Source data ->
****************************************

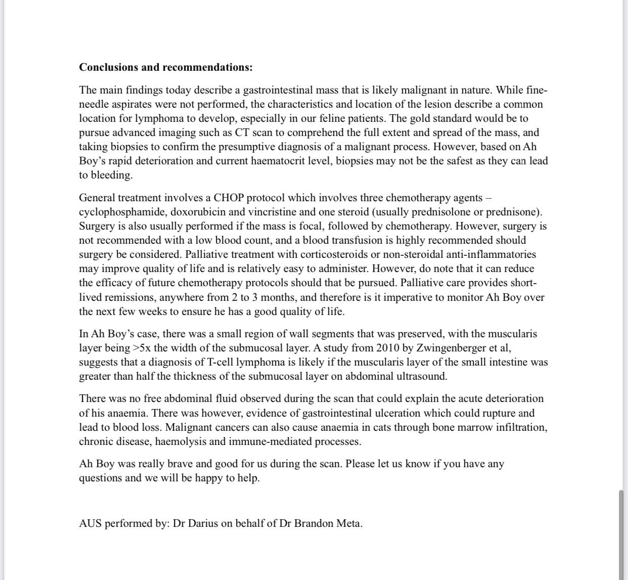 12.15pm: info change. Shave more of his left fur and now say can find his left kidney, shape look good n normal. Says is lymphoma. Most prob it started in the intestine, n spread out and surround it. It – aka the connecting part of small and large intestine. N his blood loss is into the mass itself. Now it become operable.
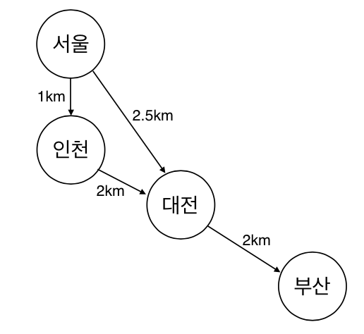 서울에서 부산까지 최단거리로 가는 방법은 서울->대전->부산의 경로로 4.5km 이지만, 이 상황에 탐욕적 기법을 적용하면 알고리즘은 각 단계에서 최적해, 즉 가장 가까이 있는 도시로 이동하여 서울->인천->대전->부산의 경로를 선택하고 이는 전체 문제의 최단거리가 아니게 된다.
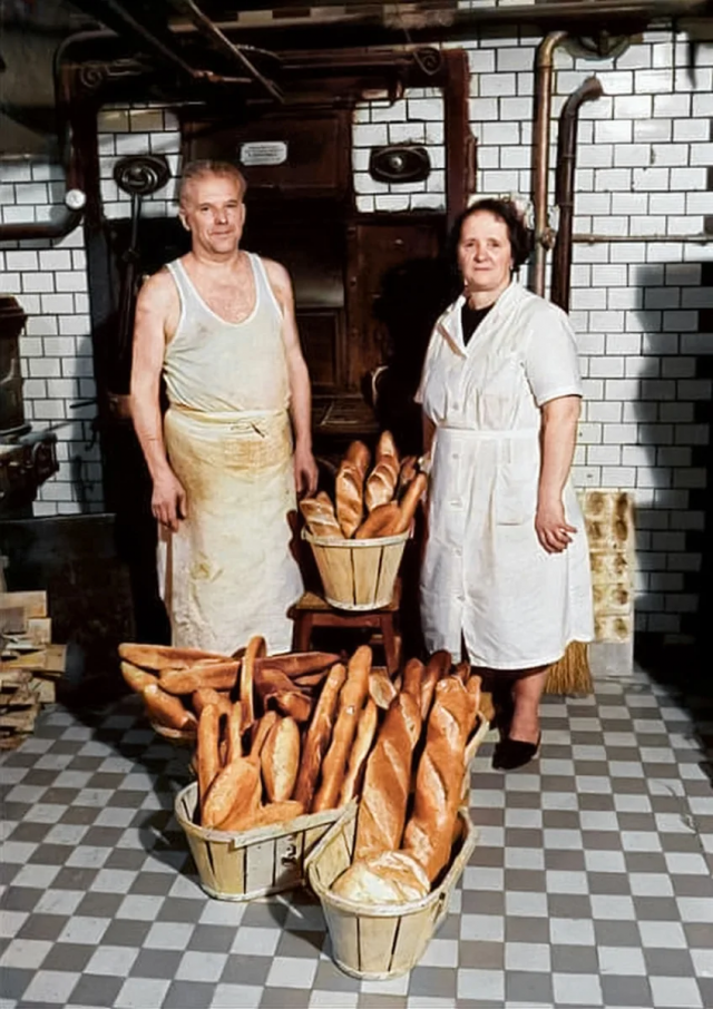 Утренние багеты. Пекари со своей продукцией. Франция, 1968 год.

****************************************

Could the listing above be transcribed exactly, with the pictures left out?

Output ->
 12.15pm: info change. Shave more of his left fur and now say can find his left kidney, shape look good n normal. Says is lymphoma. Most prob it started in the intestine, n spread out and surround it. It – aka the connecting part of small and large intestine. N his blood loss is into the mass itself. Now it become operable.
 서울에서 부산까지 최단거리로 가는 방법은 서울->대전->부산의 경로로 4.5km 이지만, 이 상황에 탐욕적 기법을 적용하면 알고리즘은 각 단계에서 최적해, 즉 가장 가까이 있는 도시로 이동하여 서울->인천->대전->부산의 경로를 선택하고 이는 전체 문제의 최단거리가 아니게 된다.
 Утренние багеты. Пекари со своей продукцией. Франция, 1968 год.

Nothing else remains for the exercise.